━━ Material supplied ━━

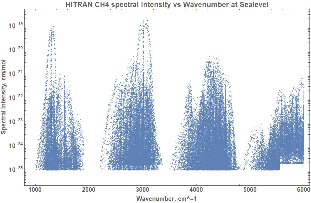 for a total energy density of 4.303 x 10^-7 J/cu.m. from the Sun, absorbed by the atmospheric CH4 compared to 3.692 x 10^-7 J/cu.m. from the Earth’s surface. Consequently, if there was a greenhouse effect it would cause the Earth to cool as the concentration of atmospheric CH4 increased due to an increase in the amount of the Sun’s radiation emitted back into space before it could warm the Earth, as is the case for atmospheric CO2.
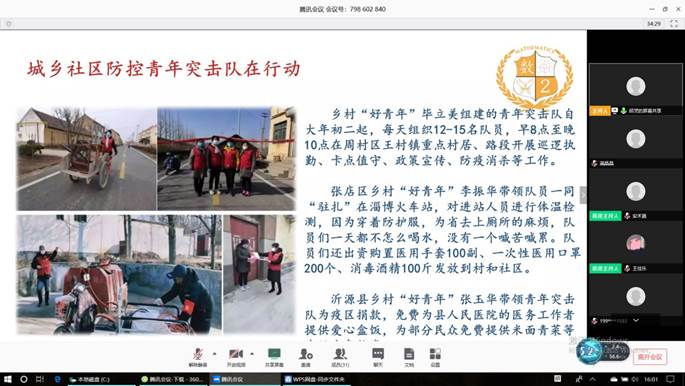 随后,邱灵就疫情阻击战中共青团员的担当进行了讲解。她指出,在党的坚强领导下,全国人民正在进行防控新型冠状病毒的人民战争。团员青年们在没有硝烟的战场后方实打实地进行服务,在城乡社区的引导下,发挥着在城乡基层治理体系中的独特作用,展现出党的助手和团员后备军的担当和作为,为坚决打赢疫情防控人民战争贡献青春力量。面对疫情严峻的形势,青年突击队应运而生,他们主动请缨,在铁路、公路、航空、水运、城市地铁等城市交通领域作出重大贡献,返乡大学生、团员们积极响应号召,用脚步、用技能、用担当,在自己的专业领域贡献自己的力量。
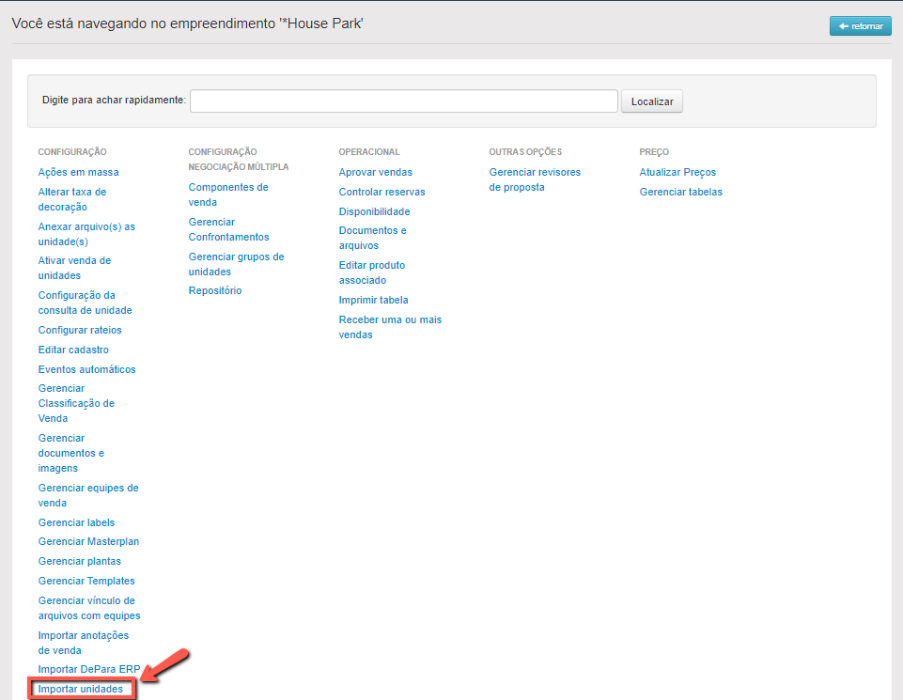 Ao abrir a tela abaixo, na primeira coluna chamada configuração, clique na opção "Importar unidades".
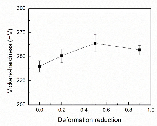 Vickers hardness of the low-carbon ferritic stainless steel samples with the different deformation reductions.
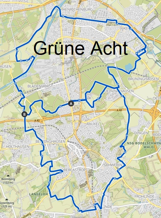 Die Grüne Acht. Eine Tour rund um Castrop - Rauxel. Insgesamt ist die Strecke ca. 43 km lang und hat einen Höhenanstieg von 220 Meter. Bei einer durchschnittlichen Geschwindigkeit von 13,6 km/h benötigt man ungefähr 3 Stunden und 6 Minuten.
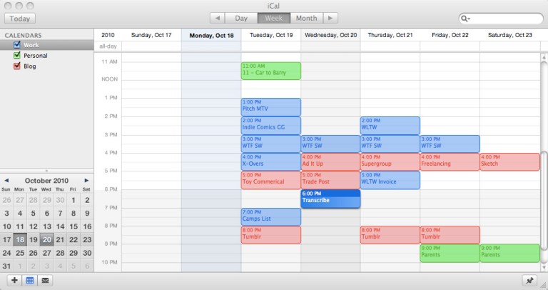 While NeoOffice is the most important piece of software I use (editors tend not to like getting submissions in TextEdit docs), but I’ve also come to rely on iCal, which, as far as I can tell, is very similar to the Google Calendar, which I would utilize if I used more than one computer. As it is, iCal works for me. Instead of using the more detailed weekly view as an hourly schedule, though, I use it more like a checklist. Blue boxes denote assignments, Red are personal blog posts I want to do and Green are personal things I need to take care of. When I finish something, I delete the box unless it’s a recurring event like a birthday or anniversary. As you can see, I’ve got a busy day on Tuesday. I don’t expect to get all that work done, but I’m going to aim high. I load bigger assignments like online lists or magazine features earlier in the week, so I can wear them away by the end of the week. Some of my assignments like WTF Star Wars for UGO.com don’t take a lot of time (I’ve got a folder filled with links to use as potential entries on my desktop) while others can take up a full day, depending on how much I have to do for them. Writing a list takes a certain amount of time, but that number can grow if I’ve got to track down YouTube clips to go along with them, uploading and editing images and sometimes double checking my facts with source material like movies and trades. I’ve made some real dumb mistakes in my writing that haven’t been caught which drives me crazy, so I try to double check things I’m not sure about.
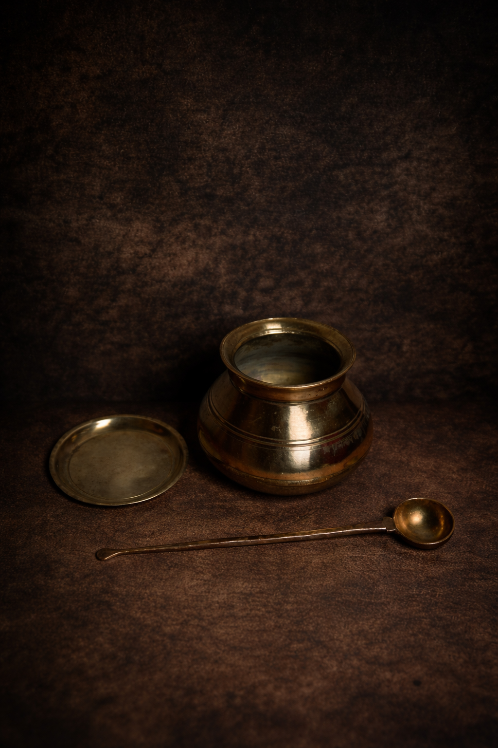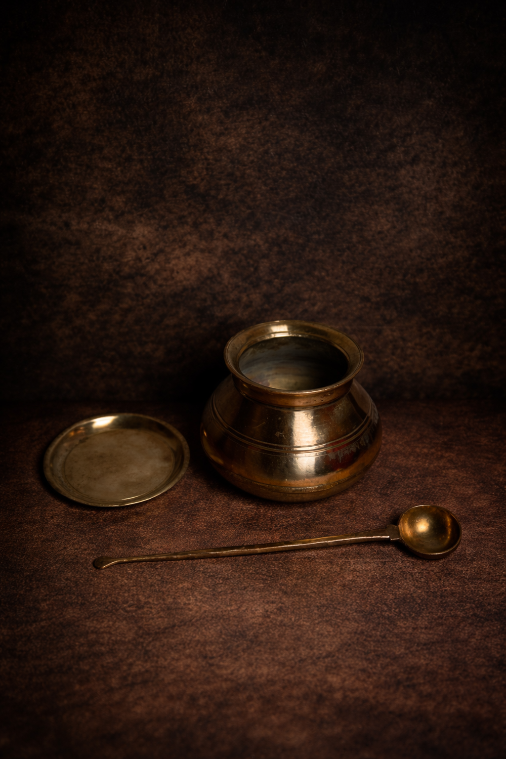 Vintage bronzee haandi with ladle and lid
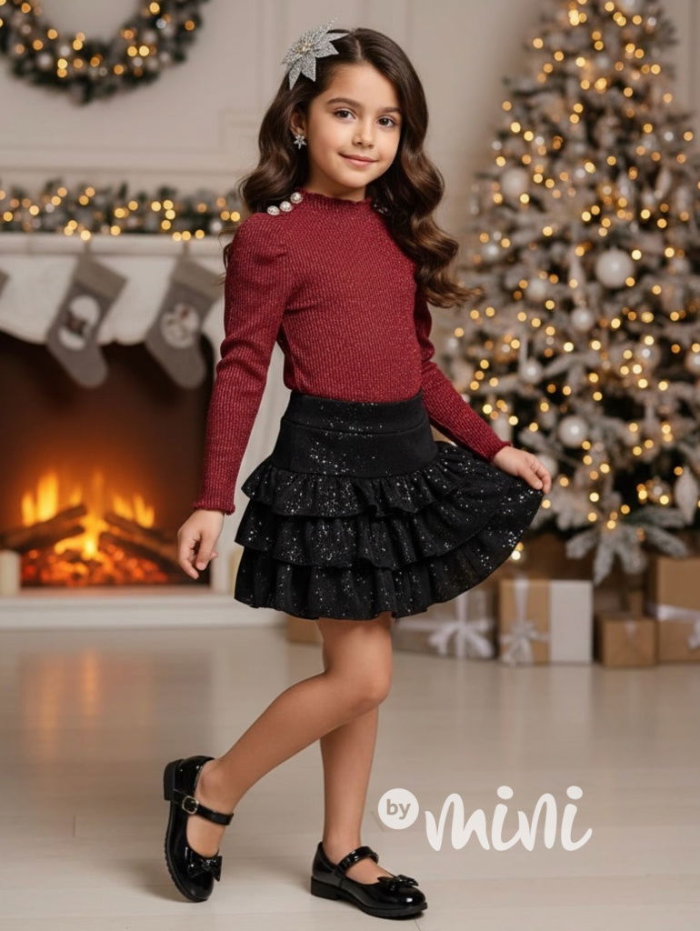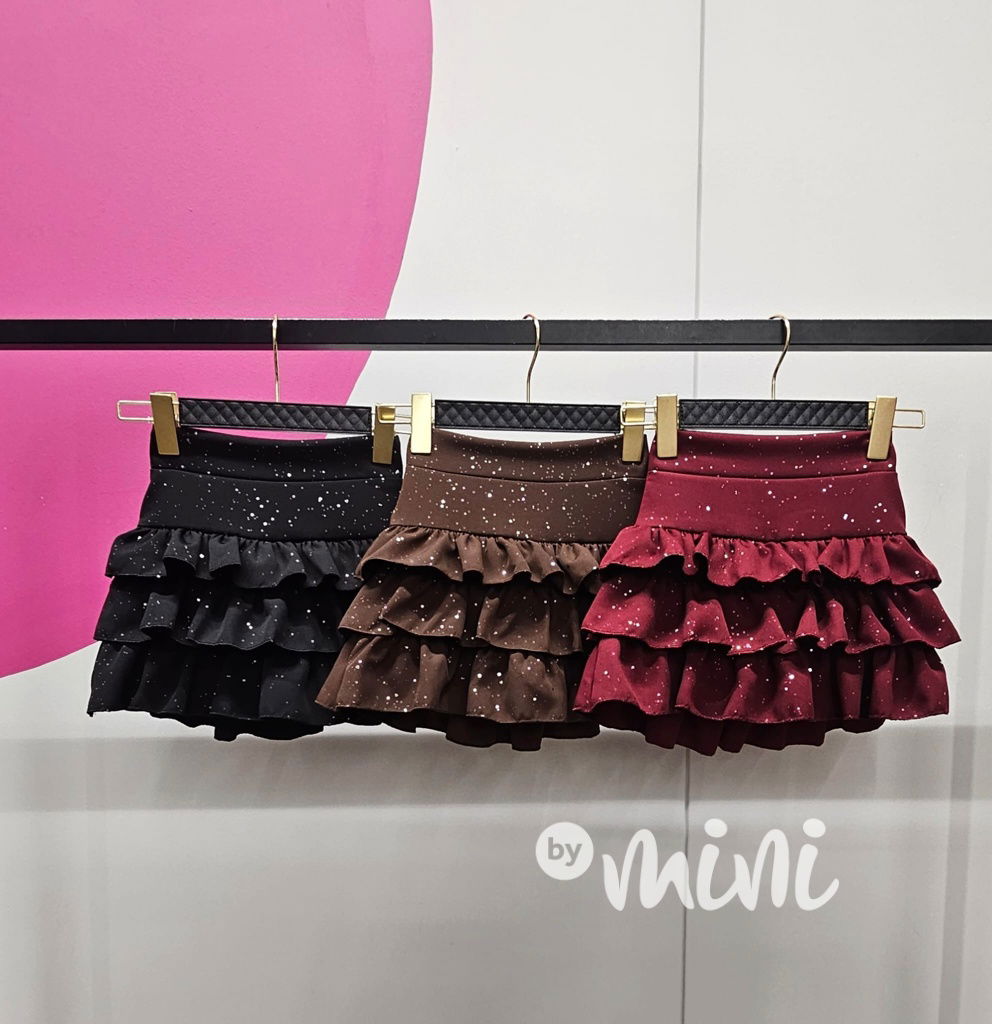 Vrstvená sukýnka, v pase na gumu, stříbrné zdobení - drží na látce, neloupe se.
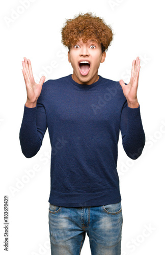 Young handsome man with afro hair celebrating crazy and amazed for success with arms raised and open eyes screaming excited. Winner concept
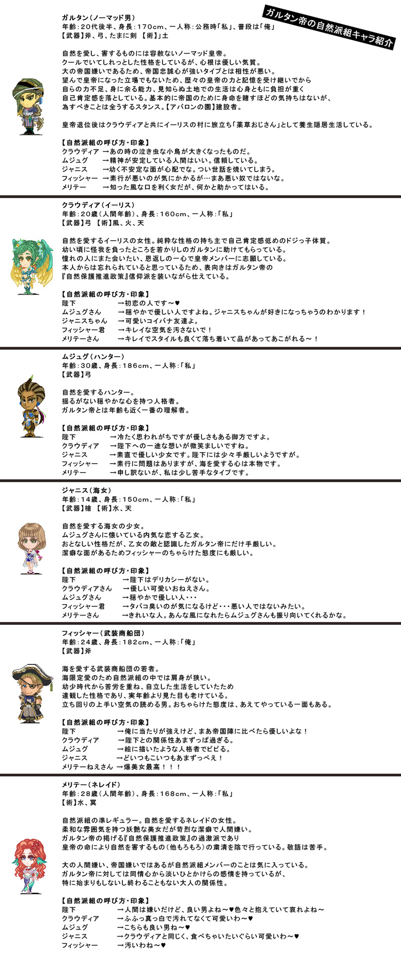 johnroma2n☆quiet followPAST弊帝国のキャラクター設定一覧 #設定 setup show all(+2 images) Tap to full screen (size:900x2155).Repost is prohibited Let's send reactions! freqpopularsnackothersPayment processing Replies from the creator Follow creator you care about!☆quiet follow johnroma2nPAST弊帝国のキャラクター設定一覧 3 johnroma2nPROGRESS正装ドレスクラウディアの描き込み過程オマケは毛皮なしガルタン陛下のやつ 3 johnroma2nDONE🐴陛下と🍃ちゃんダンス不得手な🐴陛下が🍃ちゃんをの足を踏みそうになったところを🍃ちゃんがふわっ跳ねて、そのままキャッキャしながら踊っているイメージ。3枚目はツヤいれ前のもの。 3 johnroma2nPROGRESS舞踏会正装🐴🍃の進捗 johnroma2nPAST🐴ノマド皇帝ガルタン陛下の設定画皇帝らしくするために豪華アレンジしています。 2 johnroma2nPAST🐴🍃イーリスの村 2 related works チェラテDOODLE残り2骨いますがそっちは能力は比較的別なのでそのままスケルトンというモンスターでいきたいと思います。リモッカくんです。これで一次創作と言い張れます。多分。 3 チェラテDONE大幅に変わったというか衣装変えたに等しいです2019/03/09 23:34:02すごく手間かかりました(:3 」 ∠) チェラテDOODLE2019/01/17 19:26:271匹にゃんこを増やしましたスコティッシュフォールドが犬に見えるのなんの… 4 チェラテDOODLE二ソートくんの形を変えたので多分これで一次創作と言い張れます 4 糸吉糸PAST教会周り 5 ななめPASTアキラとマサ設定(社会人編/同居編)。テンプレお借りしています。最後の間取りは同居中の部屋。自分用備忘録。忘れそうなのでメモ。マサの母親の旧姓は河野なので、マサの名字は田中→河野→東海林と変わっています。だんだん壮大になっている(*^▽^*) 11 ななめPASTアキラとマサ設定(大学生編)。サイトを閉鎖したのでこちらに移しています。自分用備忘録。 15 糸吉糸DOODLE自創作に於ける魔法・魔術・魔力について チェラテDOODLEあまりにも描けないのでなう(2019/03/11 20:00:20) recommended works チェラテDOODLE恋するキャラがいて引き立ちますよね( ・́∀・̀)ヘヘヘ女性の身体うまくかけないので服は書き直す可能性あります( ˙꒳˙ ) チェラテDOODLE二ソートくんの形を変えたので多分これで一次創作と言い張れます 4 前川なごみDONE創作男女カプ。航ひま。 2 チェラテDONEアルテッソくんの全身図。少し服の柄と靴を、変更しました。2019/03/01 19:11:28 糸吉糸PAST過去に考えた設定をとりあえずまとめたので統一されてない! 設定勉強中です。 26 糸吉糸PAST火丁さんまとめ入れ忘れた 4 糸吉糸DOODLE中学時代の推し自キャラ。業の深い兄弟(双子)を作りがち。(2枚目は過去絵) 2 ノヽシ关リPASTツキシマ(2015) 糸吉糸PAST2017年の落書き帳に残っていた落書き群(あくまで創作です) 11
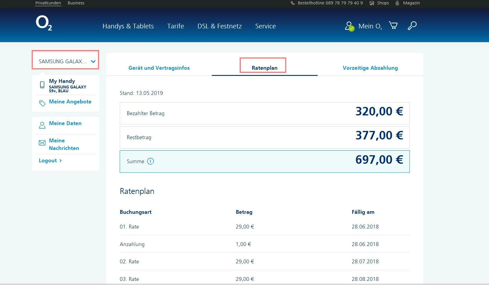 Wenn du gleichzeitig einen Tarif abgeschlossen hast, solltest du den Ratenplan auch in "mein o2" einsehen können, sofern du dich für "mein o2" registriert hast.
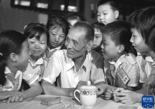 1985年8月,时年68岁的葛振林应邀参加湖南省少先队代表会议,对孩子们进行革命传统教育。 新华社记者 邹云 摄

━━━

== Work instruction ==
An exact copy of the entries above, with no pictures, is the required answer.

== Answer to this task ==
 for a total energy density of 4.303 x 10^-7 J/cu.m. from the Sun, absorbed by the atmospheric CH4 compared to 3.692 x 10^-7 J/cu.m. from the Earth’s surface. Consequently, if there was a greenhouse effect it would cause the Earth to cool as the concentration of atmospheric CH4 increased due to an increase in the amount of the Sun’s radiation emitted back into space before it could warm the Earth, as is the case for atmospheric CO2.
 随后,邱灵就疫情阻击战中共青团员的担当进行了讲解。她指出,在党的坚强领导下,全国人民正在进行防控新型冠状病毒的人民战争。团员青年们在没有硝烟的战场后方实打实地进行服务,在城乡社区的引导下,发挥着在城乡基层治理体系中的独特作用,展现出党的助手和团员后备军的担当和作为,为坚决打赢疫情防控人民战争贡献青春力量。面对疫情严峻的形势,青年突击队应运而生,他们主动请缨,在铁路、公路、航空、水运、城市地铁等城市交通领域作出重大贡献,返乡大学生、团员们积极响应号召,用脚步、用技能、用担当,在自己的专业领域贡献自己的力量。
 Ao abrir a tela abaixo, na primeira coluna chamada configuração, clique na opção "Importar unidades".
 Vickers hardness of the low-carbon ferritic stainless steel samples with the different deformation reductions.
 Die Grüne Acht. Eine Tour rund um Castrop - Rauxel. Insgesamt ist die Strecke ca. 43 km lang und hat einen Höhenanstieg von 220 Meter. Bei einer durchschnittlichen Geschwindigkeit von 13,6 km/h benötigt man ungefähr 3 Stunden und 6 Minuten.
 While NeoOffice is the most important piece of software I use (editors tend not to like getting submissions in TextEdit docs), but I’ve also come to rely on iCal, which, as far as I can tell, is very similar to the Google Calendar, which I would utilize if I used more than one computer. As it is, iCal works for me. Instead of using the more detailed weekly view as an hourly schedule, though, I use it more like a checklist. Blue boxes denote assignments, Red are personal blog posts I want to do and Green are personal things I need to take care of. When I finish something, I delete the box unless it’s a recurring event like a birthday or anniversary. As you can see, I’ve got a busy day on Tuesday. I don’t expect to get all that work done, but I’m going to aim high. I load bigger assignments like online lists or magazine features earlier in the week, so I can wear them away by the end of the week. Some of my assignments like WTF Star Wars for UGO.com don’t take a lot of time (I’ve got a folder filled with links to use as potential entries on my desktop) while others can take up a full day, depending on how much I have to do for them. Writing a list takes a certain amount of time, but that number can grow if I’ve got to track down YouTube clips to go along with them, uploading and editing images and sometimes double checking my facts with source material like movies and trades. I’ve made some real dumb mistakes in my writing that haven’t been caught which drives me crazy, so I try to double check things I’m not sure about.
 Vintage bronzee haandi with ladle and lid
 Vrstvená sukýnka, v pase na gumu, stříbrné zdobení - drží na látce, neloupe se.
 Young handsome man with afro hair celebrating crazy and amazed for success with arms raised and open eyes screaming excited. Winner concept
 johnroma2n☆quiet followPAST弊帝国のキャラクター設定一覧 #設定 setup show all(+2 images) Tap to full screen (size:900x2155).Repost is prohibited Let's send reactions! freqpopularsnackothersPayment processing Replies from the creator Follow creator you care about!☆quiet follow johnroma2nPAST弊帝国のキャラクター設定一覧 3 johnroma2nPROGRESS正装ドレスクラウディアの描き込み過程オマケは毛皮なしガルタン陛下のやつ 3 johnroma2nDONE🐴陛下と🍃ちゃんダンス不得手な🐴陛下が🍃ちゃんをの足を踏みそうになったところを🍃ちゃんがふわっ跳ねて、そのままキャッキャしながら踊っているイメージ。3枚目はツヤいれ前のもの。 3 johnroma2nPROGRESS舞踏会正装🐴🍃の進捗 johnroma2nPAST🐴ノマド皇帝ガルタン陛下の設定画皇帝らしくするために豪華アレンジしています。 2 johnroma2nPAST🐴🍃イーリスの村 2 related works チェラテDOODLE残り2骨いますがそっちは能力は比較的別なのでそのままスケルトンというモンスターでいきたいと思います。リモッカくんです。これで一次創作と言い張れます。多分。 3 チェラテDONE大幅に変わったというか衣装変えたに等しいです2019/03/09 23:34:02すごく手間かかりました(:3 」 ∠) チェラテDOODLE2019/01/17 19:26:271匹にゃんこを増やしましたスコティッシュフォールドが犬に見えるのなんの… 4 チェラテDOODLE二ソートくんの形を変えたので多分これで一次創作と言い張れます 4 糸吉糸PAST教会周り 5 ななめPASTアキラとマサ設定(社会人編/同居編)。テンプレお借りしています。最後の間取りは同居中の部屋。自分用備忘録。忘れそうなのでメモ。マサの母親の旧姓は河野なので、マサの名字は田中→河野→東海林と変わっています。だんだん壮大になっている(*^▽^*) 11 ななめPASTアキラとマサ設定(大学生編)。サイトを閉鎖したのでこちらに移しています。自分用備忘録。 15 糸吉糸DOODLE自創作に於ける魔法・魔術・魔力について チェラテDOODLEあまりにも描けないのでなう(2019/03/11 20:00:20) recommended works チェラテDOODLE恋するキャラがいて引き立ちますよね( ・́∀・̀)ヘヘヘ女性の身体うまくかけないので服は書き直す可能性あります( ˙꒳˙ ) チェラテDOODLE二ソートくんの形を変えたので多分これで一次創作と言い張れます 4 前川なごみDONE創作男女カプ。航ひま。 2 チェラテDONEアルテッソくんの全身図。少し服の柄と靴を、変更しました。2019/03/01 19:11:28 糸吉糸PAST過去に考えた設定をとりあえずまとめたので統一されてない! 設定勉強中です。 26 糸吉糸PAST火丁さんまとめ入れ忘れた 4 糸吉糸DOODLE中学時代の推し自キャラ。業の深い兄弟(双子)を作りがち。(2枚目は過去絵) 2 ノヽシ关リPASTツキシマ(2015) 糸吉糸PAST2017年の落書き帳に残っていた落書き群(あくまで創作です) 11
 Wenn du gleichzeitig einen Tarif abgeschlossen hast, solltest du den Ratenplan auch in "mein o2" einsehen können, sofern du dich für "mein o2" registriert hast.
 1985年8月,时年68岁的葛振林应邀参加湖南省少先队代表会议,对孩子们进行革命传统教育。 新华社记者 邹云 摄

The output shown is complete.